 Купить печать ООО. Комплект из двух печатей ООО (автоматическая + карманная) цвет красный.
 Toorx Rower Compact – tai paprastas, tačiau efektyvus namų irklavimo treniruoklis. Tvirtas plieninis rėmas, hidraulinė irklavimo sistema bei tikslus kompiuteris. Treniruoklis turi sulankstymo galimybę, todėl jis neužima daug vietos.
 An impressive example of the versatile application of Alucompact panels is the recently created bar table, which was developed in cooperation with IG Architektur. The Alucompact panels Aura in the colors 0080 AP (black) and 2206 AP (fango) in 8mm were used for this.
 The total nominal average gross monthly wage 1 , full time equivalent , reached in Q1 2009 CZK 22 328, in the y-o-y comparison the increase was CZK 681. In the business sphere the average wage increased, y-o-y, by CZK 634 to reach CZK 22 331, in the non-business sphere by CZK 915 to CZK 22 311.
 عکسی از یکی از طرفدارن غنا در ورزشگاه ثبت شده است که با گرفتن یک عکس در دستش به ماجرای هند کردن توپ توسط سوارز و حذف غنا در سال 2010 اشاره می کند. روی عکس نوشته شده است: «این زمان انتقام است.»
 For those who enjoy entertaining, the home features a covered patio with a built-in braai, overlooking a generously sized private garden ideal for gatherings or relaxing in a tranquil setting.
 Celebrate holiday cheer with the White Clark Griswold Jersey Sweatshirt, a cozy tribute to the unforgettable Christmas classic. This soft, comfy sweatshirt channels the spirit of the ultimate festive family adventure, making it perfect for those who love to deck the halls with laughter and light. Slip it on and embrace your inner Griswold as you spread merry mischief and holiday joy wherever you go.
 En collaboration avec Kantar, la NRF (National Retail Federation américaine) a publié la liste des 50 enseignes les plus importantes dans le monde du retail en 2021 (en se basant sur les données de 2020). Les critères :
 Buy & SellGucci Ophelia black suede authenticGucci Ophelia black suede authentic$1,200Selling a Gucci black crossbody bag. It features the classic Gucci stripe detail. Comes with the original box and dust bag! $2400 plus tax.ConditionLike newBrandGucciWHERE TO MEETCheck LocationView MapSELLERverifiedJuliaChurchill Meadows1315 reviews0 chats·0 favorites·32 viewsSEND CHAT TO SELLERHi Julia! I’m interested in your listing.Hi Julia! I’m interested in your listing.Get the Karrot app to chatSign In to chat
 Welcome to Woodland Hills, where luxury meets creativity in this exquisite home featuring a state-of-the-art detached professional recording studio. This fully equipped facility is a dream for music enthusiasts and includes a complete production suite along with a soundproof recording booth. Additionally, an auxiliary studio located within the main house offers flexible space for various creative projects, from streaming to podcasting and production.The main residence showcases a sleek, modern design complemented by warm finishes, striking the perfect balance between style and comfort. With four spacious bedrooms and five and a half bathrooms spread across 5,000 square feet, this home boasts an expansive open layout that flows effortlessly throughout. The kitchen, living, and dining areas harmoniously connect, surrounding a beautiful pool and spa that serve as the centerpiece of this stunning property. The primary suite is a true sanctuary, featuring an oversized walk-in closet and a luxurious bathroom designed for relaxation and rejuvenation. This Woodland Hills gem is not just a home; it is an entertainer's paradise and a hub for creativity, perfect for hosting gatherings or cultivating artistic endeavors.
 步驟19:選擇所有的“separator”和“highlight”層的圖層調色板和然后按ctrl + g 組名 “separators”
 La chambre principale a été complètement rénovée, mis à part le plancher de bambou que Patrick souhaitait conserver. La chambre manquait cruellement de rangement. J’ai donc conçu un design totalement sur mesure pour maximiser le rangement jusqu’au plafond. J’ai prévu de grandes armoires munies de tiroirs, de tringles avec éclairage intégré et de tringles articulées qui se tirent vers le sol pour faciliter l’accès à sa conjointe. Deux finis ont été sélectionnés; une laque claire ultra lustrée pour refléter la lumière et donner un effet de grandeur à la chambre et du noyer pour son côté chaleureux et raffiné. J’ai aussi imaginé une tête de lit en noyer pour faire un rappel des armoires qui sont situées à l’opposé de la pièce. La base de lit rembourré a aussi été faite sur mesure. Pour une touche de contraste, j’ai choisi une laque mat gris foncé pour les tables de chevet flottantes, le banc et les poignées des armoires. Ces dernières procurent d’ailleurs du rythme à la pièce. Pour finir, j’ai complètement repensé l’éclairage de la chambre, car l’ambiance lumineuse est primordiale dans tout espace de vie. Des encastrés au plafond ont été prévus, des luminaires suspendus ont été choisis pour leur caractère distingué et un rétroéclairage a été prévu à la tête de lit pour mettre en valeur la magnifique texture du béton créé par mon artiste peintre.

------------------------------------------------

DIRECTIONS FOR THIS TASK — An exact reproduction of the data is required. Leave nothing out.

OUTPUT OF THE EXERCISE —
 Купить печать ООО. Комплект из двух печатей ООО (автоматическая + карманная) цвет красный.
 Toorx Rower Compact – tai paprastas, tačiau efektyvus namų irklavimo treniruoklis. Tvirtas plieninis rėmas, hidraulinė irklavimo sistema bei tikslus kompiuteris. Treniruoklis turi sulankstymo galimybę, todėl jis neužima daug vietos.
 An impressive example of the versatile application of Alucompact panels is the recently created bar table, which was developed in cooperation with IG Architektur. The Alucompact panels Aura in the colors 0080 AP (black) and 2206 AP (fango) in 8mm were used for this.
 The total nominal average gross monthly wage 1 , full time equivalent , reached in Q1 2009 CZK 22 328, in the y-o-y comparison the increase was CZK 681. In the business sphere the average wage increased, y-o-y, by CZK 634 to reach CZK 22 331, in the non-business sphere by CZK 915 to CZK 22 311.
 عکسی از یکی از طرفدارن غنا در ورزشگاه ثبت شده است که با گرفتن یک عکس در دستش به ماجرای هند کردن توپ توسط سوارز و حذف غنا در سال 2010 اشاره می کند. روی عکس نوشته شده است: «این زمان انتقام است.»
 For those who enjoy entertaining, the home features a covered patio with a built-in braai, overlooking a generously sized private garden ideal for gatherings or relaxing in a tranquil setting.
 Celebrate holiday cheer with the White Clark Griswold Jersey Sweatshirt, a cozy tribute to the unforgettable Christmas classic. This soft, comfy sweatshirt channels the spirit of the ultimate festive family adventure, making it perfect for those who love to deck the halls with laughter and light. Slip it on and embrace your inner Griswold as you spread merry mischief and holiday joy wherever you go.
 En collaboration avec Kantar, la NRF (National Retail Federation américaine) a publié la liste des 50 enseignes les plus importantes dans le monde du retail en 2021 (en se basant sur les données de 2020). Les critères :
 Buy & SellGucci Ophelia black suede authenticGucci Ophelia black suede authentic$1,200Selling a Gucci black crossbody bag. It features the classic Gucci stripe detail. Comes with the original box and dust bag! $2400 plus tax.ConditionLike newBrandGucciWHERE TO MEETCheck LocationView MapSELLERverifiedJuliaChurchill Meadows1315 reviews0 chats·0 favorites·32 viewsSEND CHAT TO SELLERHi Julia! I’m interested in your listing.Hi Julia! I’m interested in your listing.Get the Karrot app to chatSign In to chat
 Welcome to Woodland Hills, where luxury meets creativity in this exquisite home featuring a state-of-the-art detached professional recording studio. This fully equipped facility is a dream for music enthusiasts and includes a complete production suite along with a soundproof recording booth. Additionally, an auxiliary studio located within the main house offers flexible space for various creative projects, from streaming to podcasting and production.The main residence showcases a sleek, modern design complemented by warm finishes, striking the perfect balance between style and comfort. With four spacious bedrooms and five and a half bathrooms spread across 5,000 square feet, this home boasts an expansive open layout that flows effortlessly throughout. The kitchen, living, and dining areas harmoniously connect, surrounding a beautiful pool and spa that serve as the centerpiece of this stunning property. The primary suite is a true sanctuary, featuring an oversized walk-in closet and a luxurious bathroom designed for relaxation and rejuvenation. This Woodland Hills gem is not just a home; it is an entertainer's paradise and a hub for creativity, perfect for hosting gatherings or cultivating artistic endeavors.
 步驟19:選擇所有的“separator”和“highlight”層的圖層調色板和然后按ctrl + g 組名 “separators”
 La chambre principale a été complètement rénovée, mis à part le plancher de bambou que Patrick souhaitait conserver. La chambre manquait cruellement de rangement. J’ai donc conçu un design totalement sur mesure pour maximiser le rangement jusqu’au plafond. J’ai prévu de grandes armoires munies de tiroirs, de tringles avec éclairage intégré et de tringles articulées qui se tirent vers le sol pour faciliter l’accès à sa conjointe. Deux finis ont été sélectionnés; une laque claire ultra lustrée pour refléter la lumière et donner un effet de grandeur à la chambre et du noyer pour son côté chaleureux et raffiné. J’ai aussi imaginé une tête de lit en noyer pour faire un rappel des armoires qui sont situées à l’opposé de la pièce. La base de lit rembourré a aussi été faite sur mesure. Pour une touche de contraste, j’ai choisi une laque mat gris foncé pour les tables de chevet flottantes, le banc et les poignées des armoires. Ces dernières procurent d’ailleurs du rythme à la pièce. Pour finir, j’ai complètement repensé l’éclairage de la chambre, car l’ambiance lumineuse est primordiale dans tout espace de vie. Des encastrés au plafond ont été prévus, des luminaires suspendus ont été choisis pour leur caractère distingué et un rétroéclairage a été prévu à la tête de lit pour mettre en valeur la magnifique texture du béton créé par mon artiste peintre.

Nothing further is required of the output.